Exercise: In the material below, find the line containing "對(duì)于只有數(shù" and output it and all lines after it exactly, through the last one, without the pictures.

Available data:
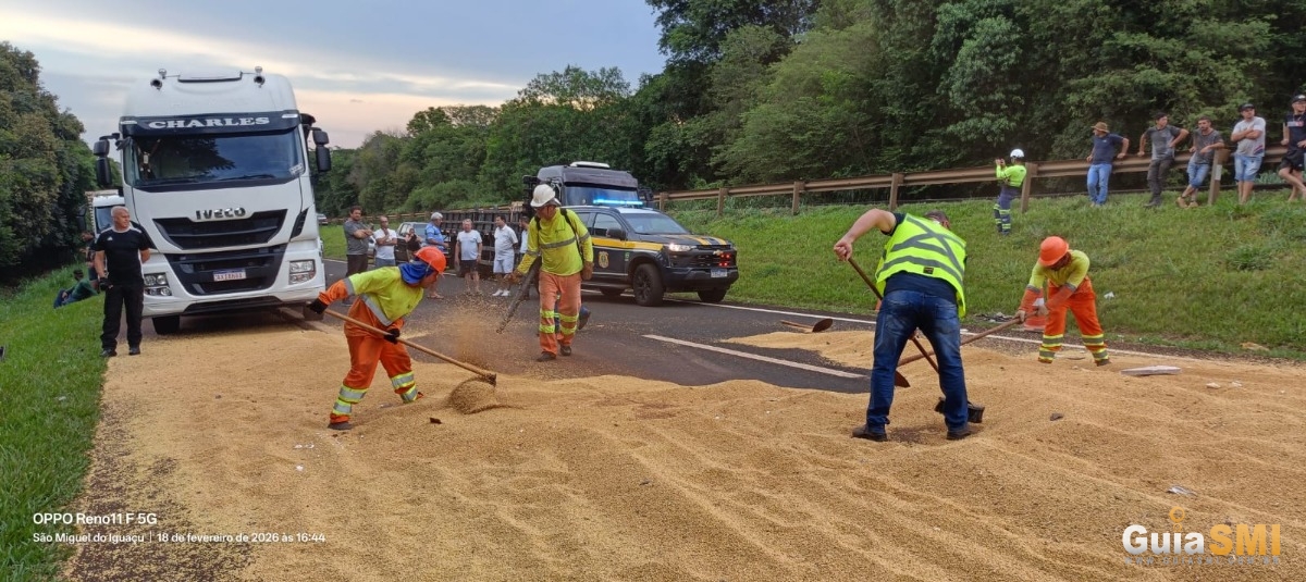 A concessionária EPR Iguaçu atua no local realizando a limpeza da pista e trabalhando para a liberação do trecho afetado. A Polícia Rodoviária Federal e a Guarda Municipal auxiliam na segurança da ocorrência e na orientação do trânsito.
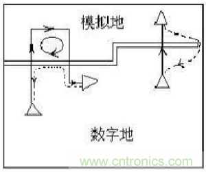 對(duì)于只有數(shù)字電路組成的印刷板的地線系統(tǒng),將接地線做成閉合環(huán)路, 縮小電位差值,可以明顯提高抗干擾能力。而對(duì)于較低頻的模擬信號(hào)來(lái)說(shuō),考慮更多的是避免回路電流之間的互相干擾,所以不能接成閉環(huán)。
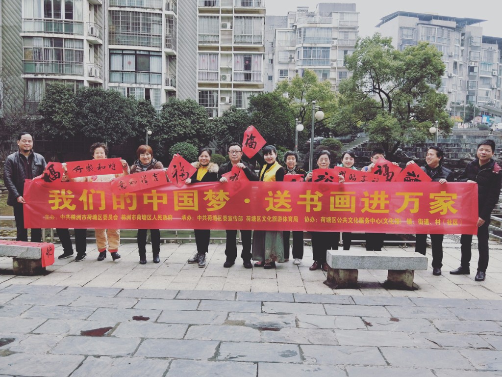 福赠春联祈平安,名家挥毫迎新春。2月1日至2月3日,荷塘区文旅体局副局长贺春庆带领钟建文、丁珂、陈勇等六位书法家分别来到仙庾镇、宋家桥街道、桂花街道、月塘街道、明照街道、茨菇塘街道开展“我们的中国梦•送书画进万家”活动。“迎新年,贴春联”是中华民族一直延续的老传统,是象征吉祥、表达人们向往美好生活的民族风俗。
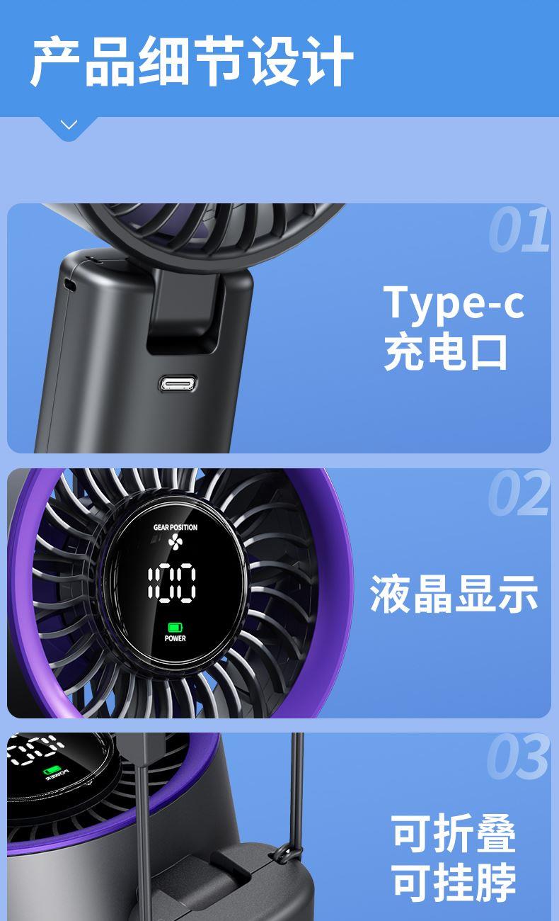 新款折叠大风力手持风扇可挂脖可桌面F30

Result of the exercise:
 對(duì)于只有數(shù)字電路組成的印刷板的地線系統(tǒng),將接地線做成閉合環(huán)路, 縮小電位差值,可以明顯提高抗干擾能力。而對(duì)于較低頻的模擬信號(hào)來(lái)說(shuō),考慮更多的是避免回路電流之間的互相干擾,所以不能接成閉環(huán)。
 福赠春联祈平安,名家挥毫迎新春。2月1日至2月3日,荷塘区文旅体局副局长贺春庆带领钟建文、丁珂、陈勇等六位书法家分别来到仙庾镇、宋家桥街道、桂花街道、月塘街道、明照街道、茨菇塘街道开展“我们的中国梦•送书画进万家”活动。“迎新年,贴春联”是中华民族一直延续的老传统,是象征吉祥、表达人们向往美好生活的民族风俗。
 新款折叠大风力手持风扇可挂脖可桌面F30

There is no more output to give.